A compromettere ulteriormente le dinamiche di gioco, ci pensa inoltre un comparto tecnico non troppo performante. La grafica di gioco risulta ben dettaglia, ma è impossibile non notare una pessima gestione della telecamera. Molto spesso il sistema che controlla l'inquadratura effettuerà zoom improvvisi, che disorientano il giocatore e fanno perdere la percezione della propria posizione sulla mappa. Anche il controllo dei veicoli è reso difficoltoso da un'inerzia dei movimenti fin troppo accentuata, che si scontra con l'obbligo di eseguire con precisione alcune manovre per salire su rampe e scalini presenti sulla mappa. I brani musicali, quando sono presenti, vengono totalmente sormontati dall'abbondanza di colpi ed esplosioni perennemente presenti in ogni partita, ma gli effetti sonori sono sufficientemente variegati e ben campionati.

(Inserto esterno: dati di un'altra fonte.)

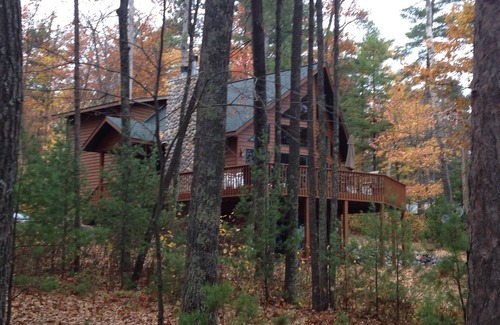 Beautiful Custom built, 5 bedroom, 3 bath, three level home situated on 5 wooded acres with 150' of private lakefront. Private pier with sand bottom frontage that's perfect for fishing and all water sports. Located on Dam Lake of the Sugar Camp chain of 5 lakes. Ideal for family reunions and get-togethers. Brand new modern stainless steel appliances. Free wi-fi and cable tv on large flat screens. Enjoy lounging around the two fireplaces or the outdoor lakefront fire pit. Prepare meals outside on the deck on the Weber grill over looking the lake. Perfect views for relaxing or happy hour. Great fishing in summer and winter. Sled directly to trails.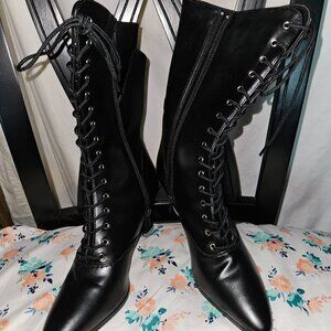 NEW LARGE BLACK PVC 28" TIGHT LACING BABYLON CORSET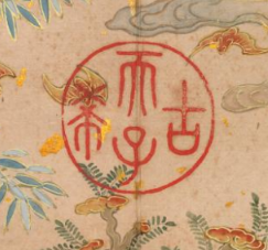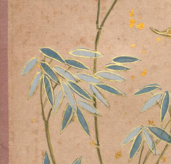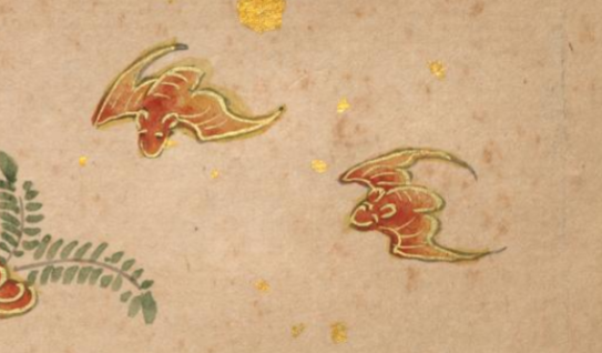 本品规格为14.4 x 20.3 厘米。竹叶以清新的蓝绿色绘就,边缘勾勒出金色线条,在古朴的底色衬托下,显得雅致且富有华贵感。竹叶形态舒展,脉络隐约可见,竹枝纤细却挺秀,整体展现出翠竹的清丽之姿,与册页中石、云、蝠等元素相呼应,共同营造出兼具雅致与祥瑞寓意的画面氛围,尽显清代宫廷绘画的细腻工致与文化内涵。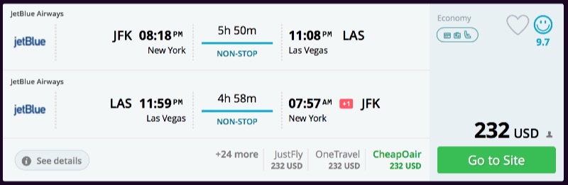 Amazing deal: New York to Las Vegas and vice versa flights roundtrip as low as $232 and vice versa.
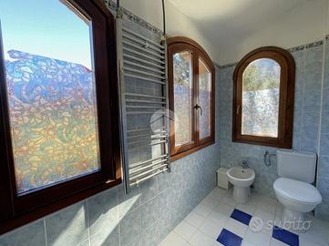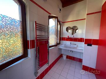 Nella mansarda, caratterizzata dalle travi a vista, troviamo due ulteriori unità abitative attualmente unite in un unico appartamento quadrilocale con quattro bagni.

Red Faction: Battlegrounds Red Faction Battlegrounds è un titolo che, sebbene le ottime premesse, fallisce nell'inserire le dinamiche di gioco proposte nell'atto pratico. Questo shooter arcade offre buone idee in un comparto single player relegato a solo mezzo d'introduzione, ma che risultano totalmente incontrollate nel comparto multigiocatore. Tutte le buone intenzioni nel strutturare un battle system asimmetrico, vengono buttate nel cestino dall'assenza totale di un perfetto bilanciamento degli elementi in gioco. Un titolo frustrante che, non solo come strumento d'intrattenimento ma anche come mezzo di promozione per franchise Red Faction, risulta essere un totale fallimento.